Answer:   2M = 2²¹, so 21 address bits are needed.

                 Of the 21, 18 bits go to each chip, leaving 3 bits to select the bank.
                 There are then 2³ = 8 banks.

Sample Problem from the Textbook

Suppose that a 2M x 16 main memory is built using 256K x 8 RAM chips
and memory is word addressable.

f)    If high–order interleaving is used, where would address 14 (0x0E)
       be located.

ANSWER:  If high–order interleaving is used, then the first 256 K words
                     will be found in bank 0.  This is where address 14 is found.

 

Sample Problem from the Textbook

g)    If low–order interleaving is used, where would address 14 (0x0E)
       be located.

ANSWER:  If there are eight memory banks, then we have 8–way interleaving.
We examine the address structure for 8–way low order interleaving.
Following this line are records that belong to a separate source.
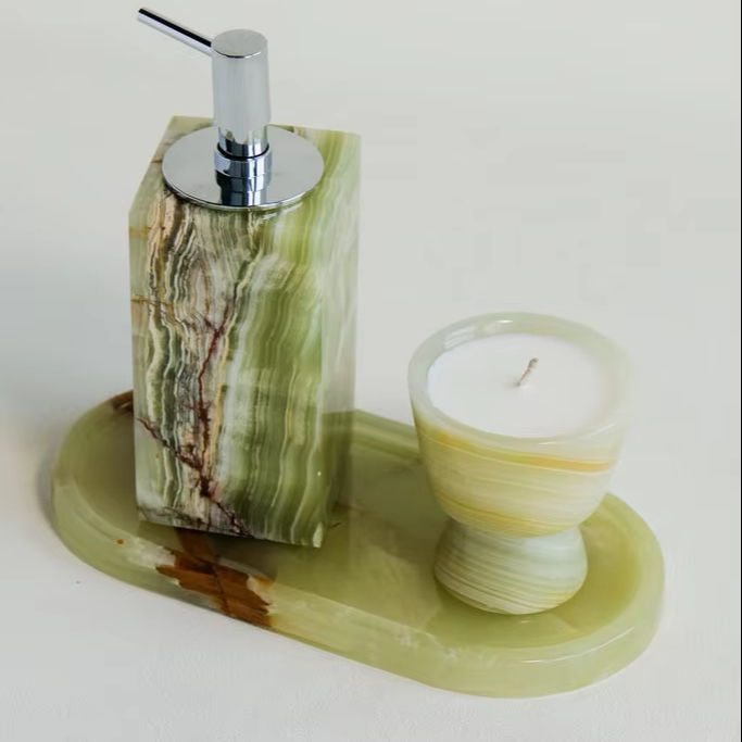 Green Onyx Bath Shower Gel Pump Bottle Elegant Luxury Soap Dispenser Refillable Home Bathroom Decor Skincare Accessories
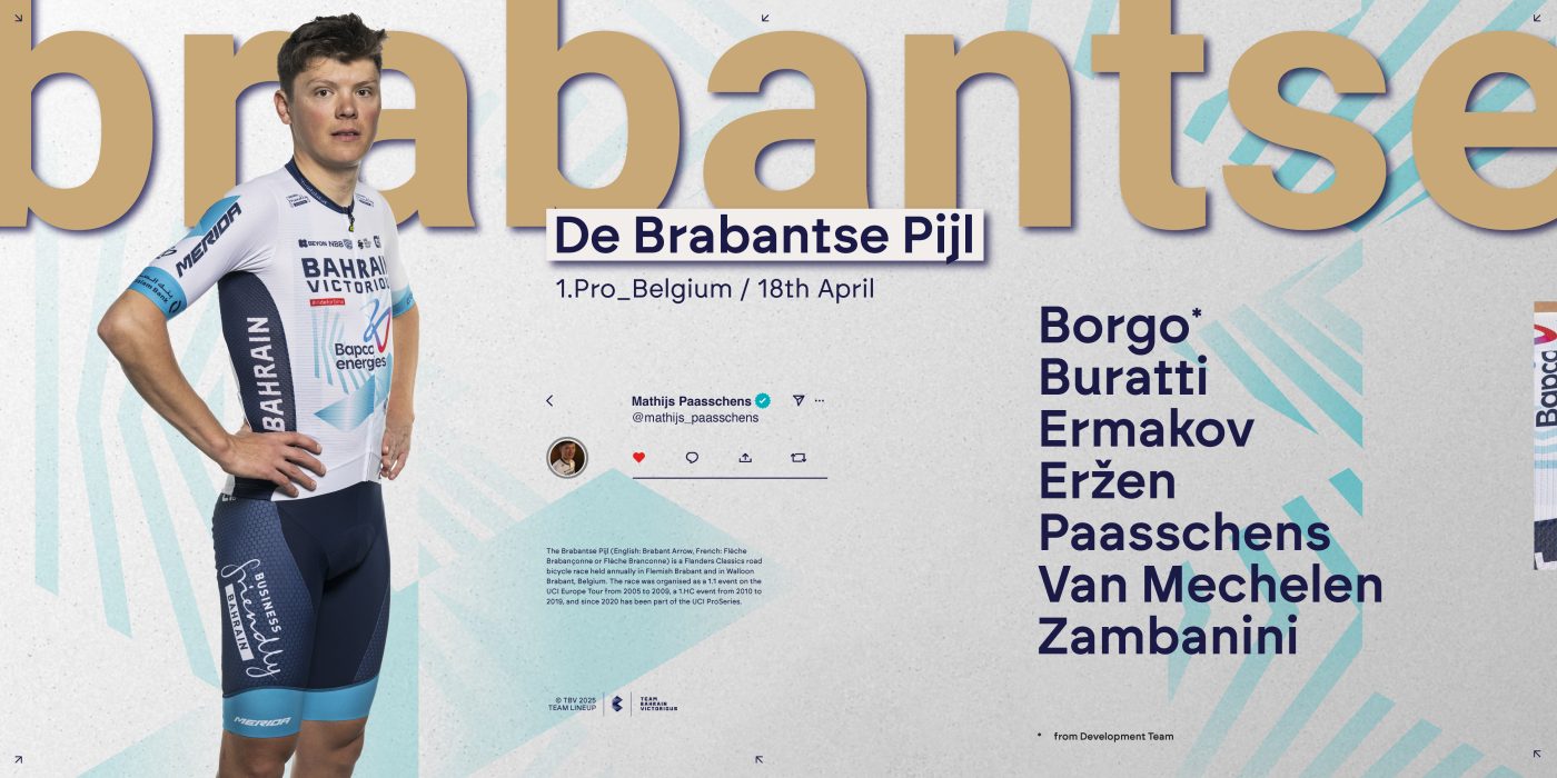 Bahrain Victorious lines up at De Brabantse Pijl with a young lineup ready to take on one of Belgium’s most unpredictable and technical one-day races. Known for its blend of short, punchy climbs, twisting roads, and relentless rhythm, De Brabantse Pijl serves as the perfect bridge between the cobbled monuments and the Ardennes week.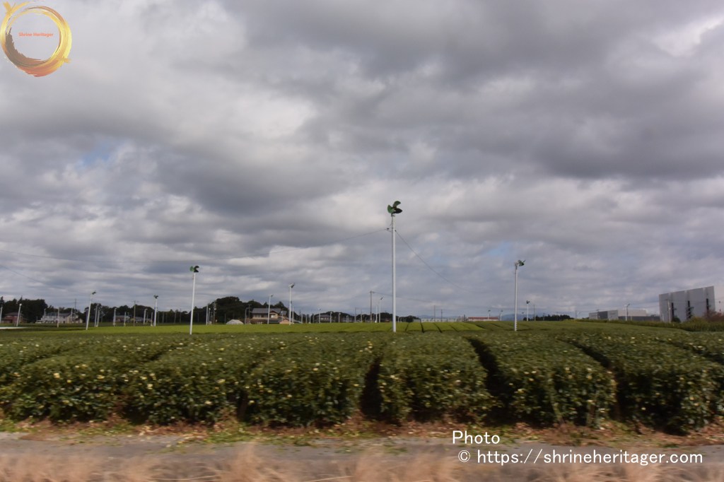 神社の西側には天竜川が流れていて 東側は河岸段丘となっていて 茶畑が広がります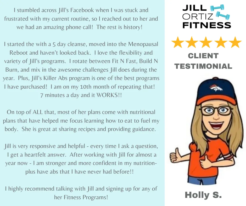 Users of our products, services and web site are advised to do their own due diligence when it comes to making decisions and all information, products, and services that have been provided should be independently verified by your own qualified professionals. Our information, products, and services should be carefully considered and evaluated, before reaching a decision on whether to rely on them. You agree that our company is not responsible for the success or failure of your decisions relating to any information presented by JILL ORTIZ FITNESS or our company products or services.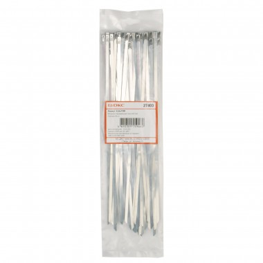 Хомуты (или, иначе, стяжки) – это популярный крепежный элемент, применяющийся при монтажных или строительных работах. Хомуты ДКС из нержавеющей стали прочны, туго затягиваются, устойчивы к коррозии, воздействию агрессивных сред и солнечных лучей, что позволяет использовать их не только внутри помещений, но и на улице. С помощью таких хомутов можно создавать как жесткие, так и подвижные соединения. Замок на хомуте обеспечивает надежную фиксацию, а обработка краев предупреждает повреждение проводов изделиями. Стальные хомуты могут применяться при температуре от – 80оС до +538оС. Ширина изделия – 4,6 мм, длина – 150 мм. В упаковке 50 штук.

Hexadecimal address 0xE is binary 1110.

The memory calls for 21–bit addressing.  The address lines are labeled A₂₀ – A₀.

Address bits A₂ – A₀ will specify the bank.

All other address bits, here A₂₀ – A₃, specify the offset within the bank.

Bits	20 through 4	3	2	1	0
Address	All 0	1	1	1	0
Field	Offset within the bank		Bank number

The bank number is binary 110, or decimal 6 (also hexadecimal 6).